======== Material for this task
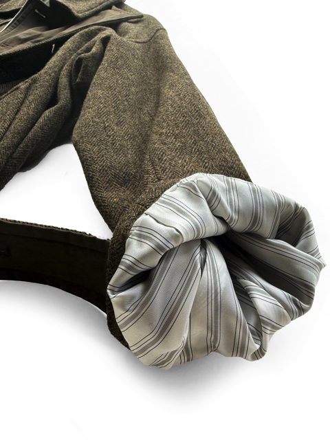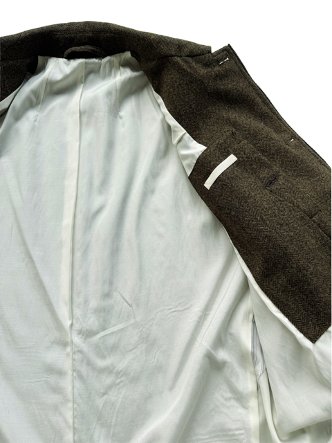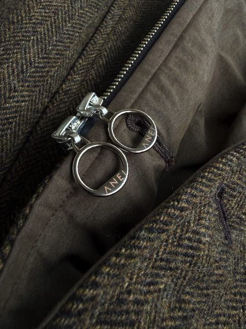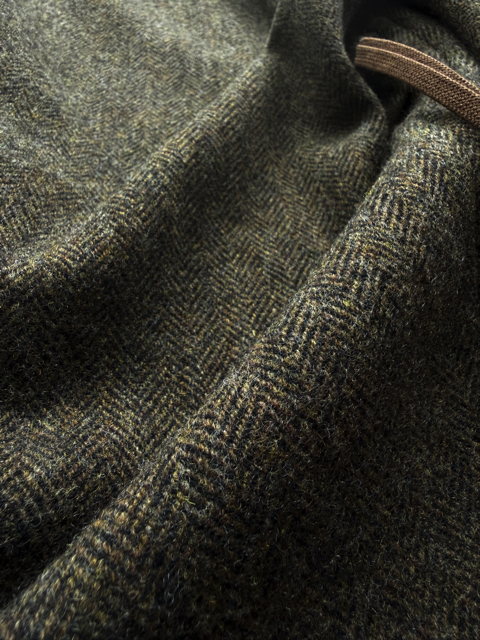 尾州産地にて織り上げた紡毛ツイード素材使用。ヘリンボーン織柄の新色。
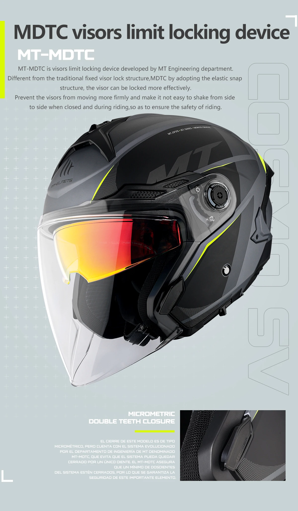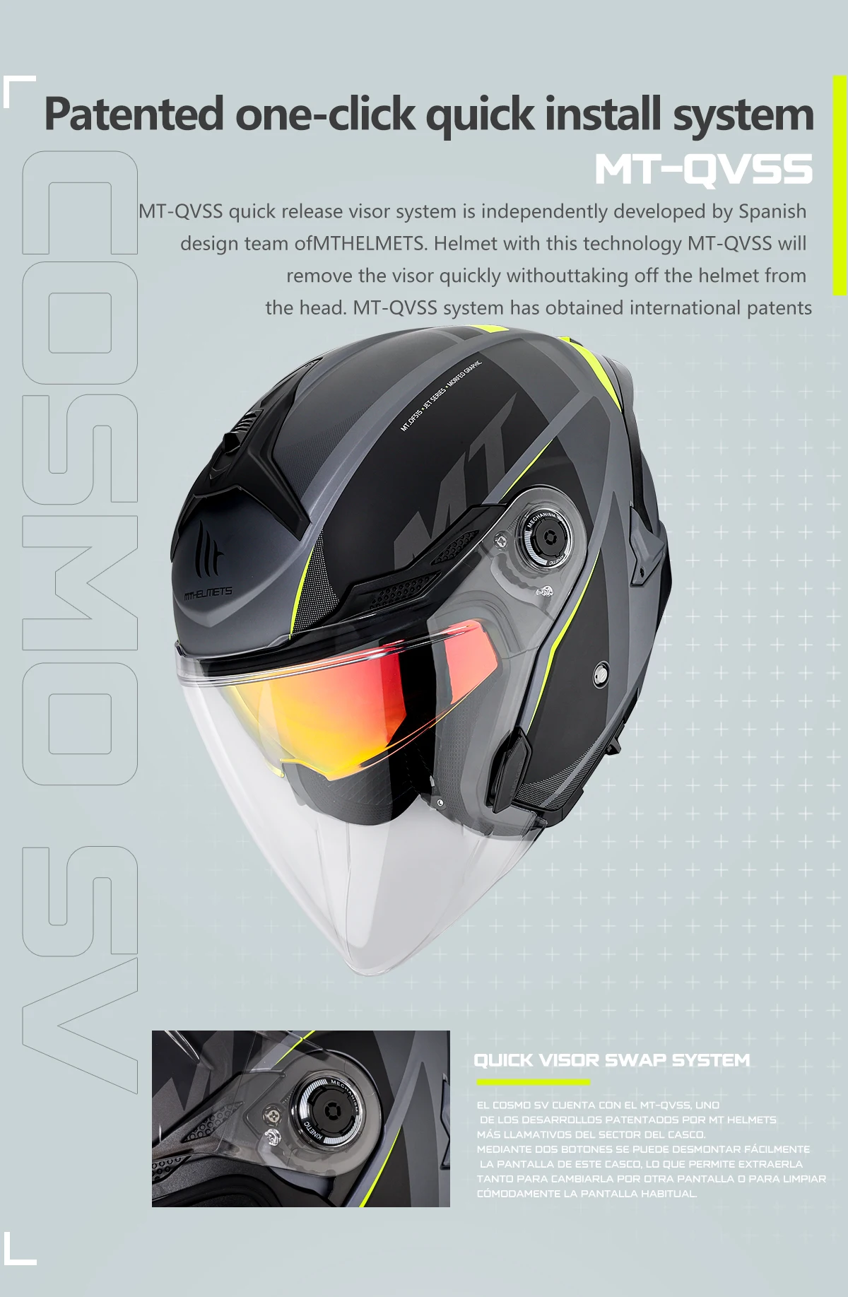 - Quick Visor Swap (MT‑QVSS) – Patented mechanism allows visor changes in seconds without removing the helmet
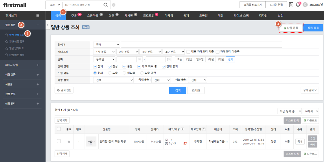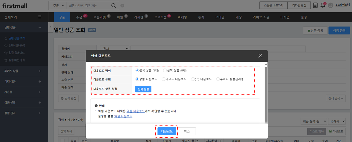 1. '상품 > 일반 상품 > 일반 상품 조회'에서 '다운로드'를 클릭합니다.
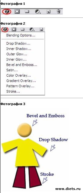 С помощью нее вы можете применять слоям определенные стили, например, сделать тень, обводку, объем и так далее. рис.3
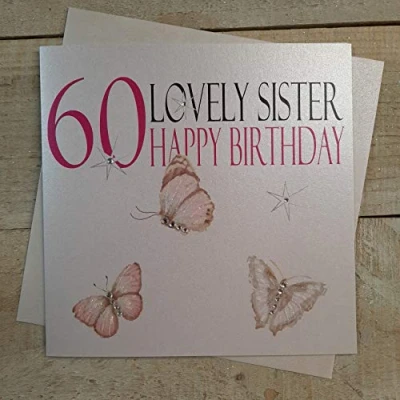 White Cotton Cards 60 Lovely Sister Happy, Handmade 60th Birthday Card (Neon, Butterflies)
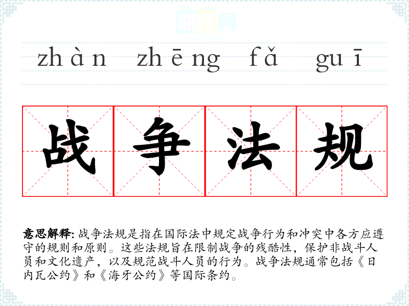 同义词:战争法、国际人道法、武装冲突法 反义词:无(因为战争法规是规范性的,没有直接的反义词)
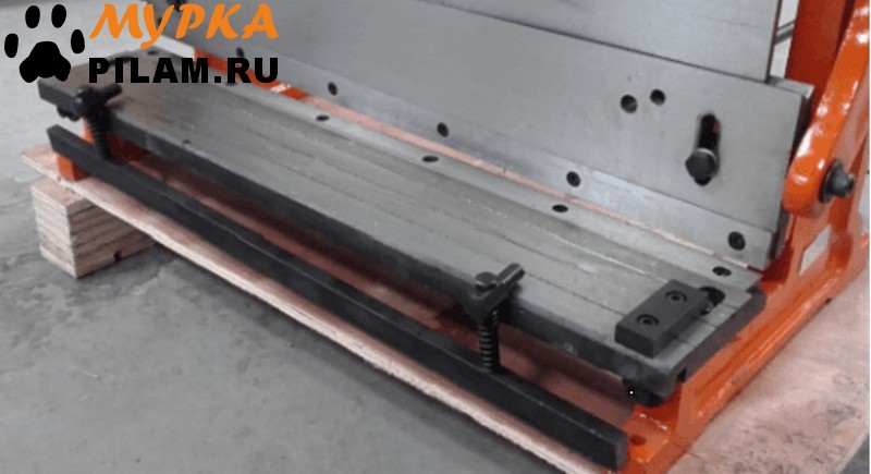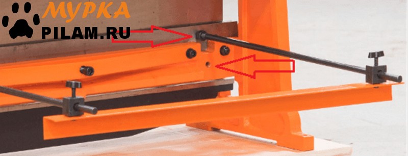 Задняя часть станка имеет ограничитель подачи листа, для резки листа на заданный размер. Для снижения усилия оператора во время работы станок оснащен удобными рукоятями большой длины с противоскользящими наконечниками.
================
§ **What you need to do**:
Where a record above contains a picture, leave the picture out and transcribe everything else exactly.

§ **Answer for this exercise**:
 尾州産地にて織り上げた紡毛ツイード素材使用。ヘリンボーン織柄の新色。
 - Quick Visor Swap (MT‑QVSS) – Patented mechanism allows visor changes in seconds without removing the helmet
 1. '상품 > 일반 상품 > 일반 상품 조회'에서 '다운로드'를 클릭합니다.
 С помощью нее вы можете применять слоям определенные стили, например, сделать тень, обводку, объем и так далее. рис.3
 White Cotton Cards 60 Lovely Sister Happy, Handmade 60th Birthday Card (Neon, Butterflies)
 同义词:战争法、国际人道法、武装冲突法 反义词:无(因为战争法规是规范性的,没有直接的反义词)
 Задняя часть станка имеет ограничитель подачи листа, для резки листа на заданный размер. Для снижения усилия оператора во время работы станок оснащен удобными рукоятями большой длины с противоскользящими наконечниками.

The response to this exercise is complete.